**TASK ITEM:** Only the lines below between the one holding "مقاس 14 / 28514" and the one holding "12月30日,南昌市洪都大道", inclusive, are to be reproduced word for word; the pictures are to be left out.

**DATASET EXCERPTS:**

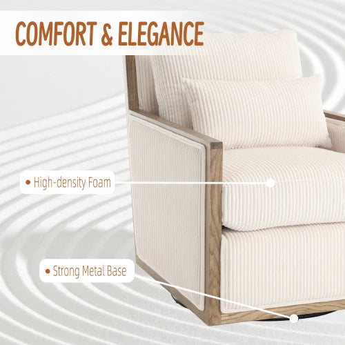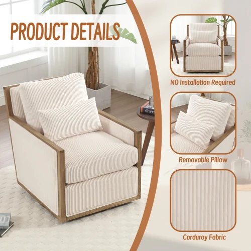 Beige color Corduroy Swivel Barrel Chair, Comfy Accent Sofa ,Leisure Arm Chair for Nursery, Hotel, Bedroom, Office, Lounge
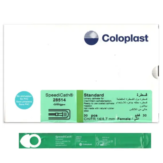 مقاس 14 / 28514 قسطرة مغطاة بمادة مزلقة جاهزة مع المحلول المزلق جمع البول انثى Coloplast Speedicath
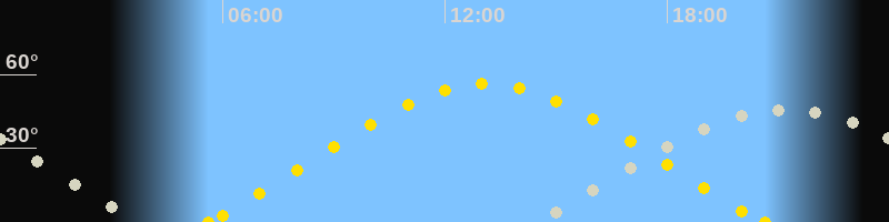 | Höchster Sonnenstand (Kulmination) | 13:06 Uhr (h = 56.1°) |
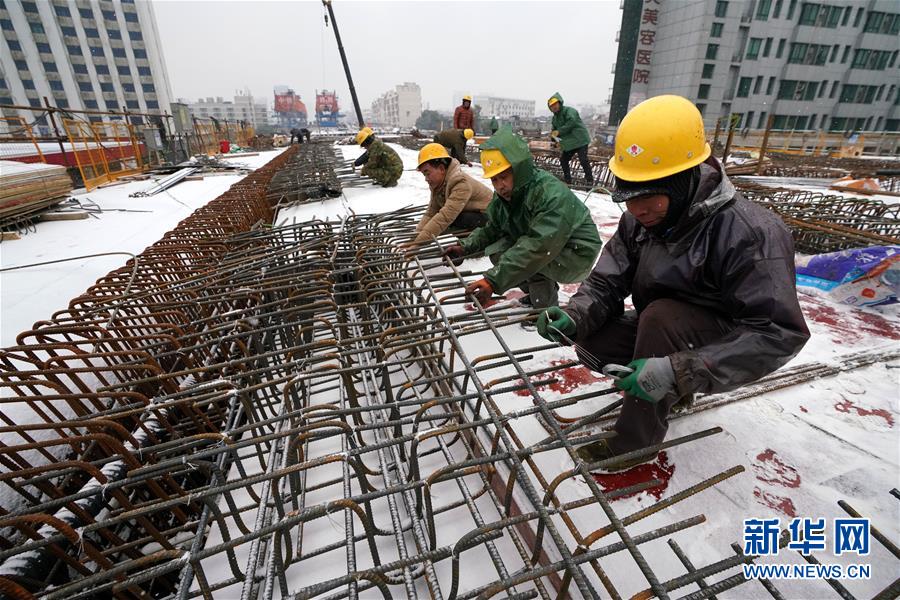 12月30日,南昌市洪都大道快速化改造工程项目工地上,中铁四局五公司职工冒雪作业。新华社记者宋振平摄
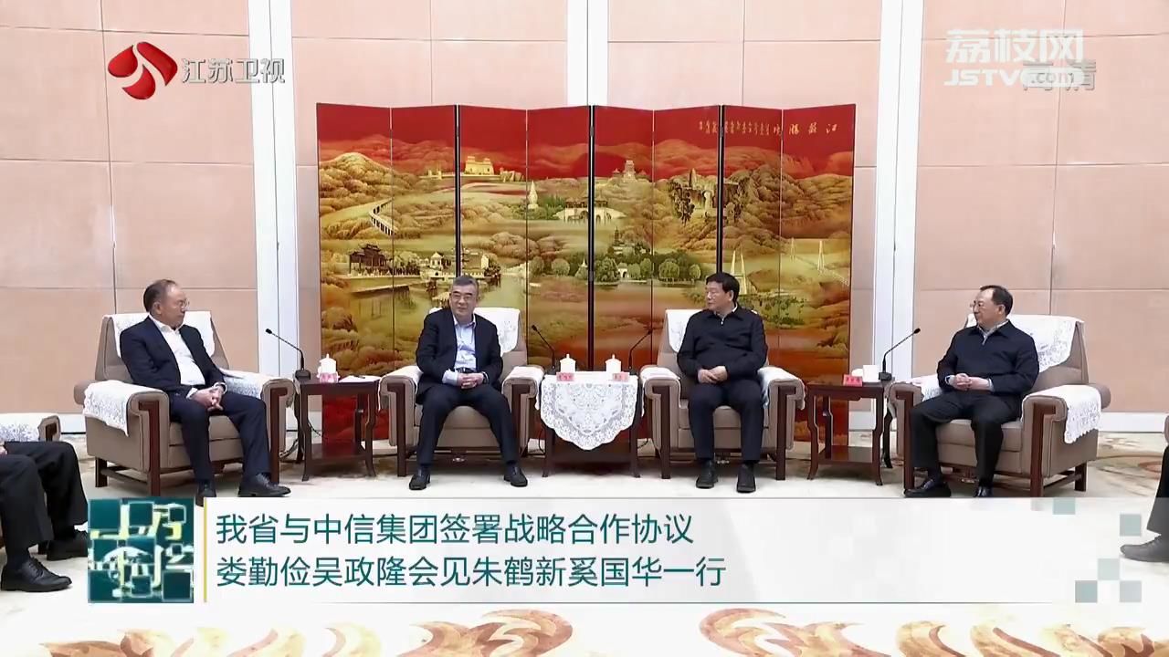 11月20日,江苏省政府与中信集团在宁签署战略合作协议。签约前,省委书记娄勤俭、省长吴政隆会见了中信集团董事长朱鹤新、总经理奚国华一行。

**OUTPUT FOR THIS TASK:**
 مقاس 14 / 28514 قسطرة مغطاة بمادة مزلقة جاهزة مع المحلول المزلق جمع البول انثى Coloplast Speedicath
 | Höchster Sonnenstand (Kulmination) | 13:06 Uhr (h = 56.1°) |
 12月30日,南昌市洪都大道快速化改造工程项目工地上,中铁四局五公司职工冒雪作业。新华社记者宋振平摄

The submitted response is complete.